The key insight here is the Population Stability Index (PSI) check. It catches distribution drift between your current training data and a known baseline. A PSI above 0.1 for a critical feature means something changed upstream, and training on that data without investigation is reckless.

Stage 2: Training with DVC and Reproducibility

You cannot version multi-gigabyte datasets in git. This is where DVC (Data Version Control) comes in. It tracks data and model files alongside your code without bloating your repository.

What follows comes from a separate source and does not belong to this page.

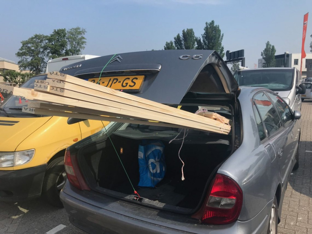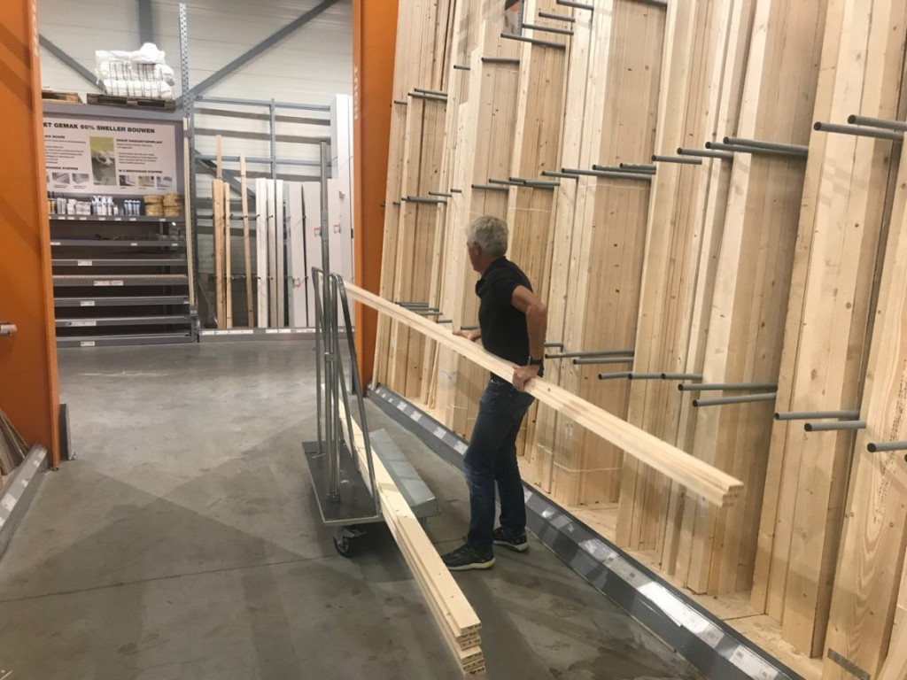 Eerst gingen we naar de Bouwmaat om hout te kopen voor het plafond.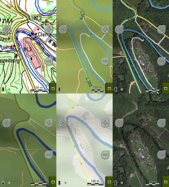 Von links nach rechts, oben nach unten: Topo 1:25.000, OSM-Karte mit Höhenmodell, Google Earth mit OSM-Karte, TomTom V-Maps u. Höhenmodell, Google Maps, Goople Earth.

Here is the DVC pipeline definition I use as a starting point for most projects:

# dvc.yaml — DVC pipeline stages
stages:
  prepare:
    cmd: python src/prepare.py --config configs/data_config.yaml
    deps:
      - src/prepare.py
      - configs/data_config.yaml
      - data/raw/
    params:
      - configs/data_config.yaml:
          - split_ratio
          - random_seed
    outs:
      - data/processed/train.parquet
      - data/processed/val.parquet
      - data/processed/test.parquet

  validate_data:
    cmd: python src/data_validation.py data/processed/train.parquet
    deps:
      - src/data_validation.py
      - data/processed/train.parquet
      - configs/data_schema.json
      - configs/baseline_stats.json

  train:
    cmd: python src/train.py --config configs/model_config.yaml
    deps:
      - src/train.py
      - configs/model_config.yaml
      - data/processed/train.parquet
      - data/processed/val.parquet
    params:
      - configs/model_config.yaml:
          - learning_rate
          - batch_size
          - epochs
          - model_type
    outs:
      - models/latest/model.pt
    metrics:
      - models/latest/metrics.json:
          cache: false

  evaluate:
    cmd: python src/evaluate.py --model models/latest/model.pt --data data/processed/test.parquet
    deps:
      - src/evaluate.py
      - models/latest/model.pt
      - data/processed/test.parquet
    metrics:
      - reports/evaluation.json:
          cache: false
    plots:
      - reports/confusion_matrix.csv:
          x: predicted
          y: actual

DVC pipelines give you dependency tracking for free. If only the model config changes, DVC skips the data preparation stage. If only the data changes, it reruns everything downstream. This is critical for CI efficiency when training takes hours.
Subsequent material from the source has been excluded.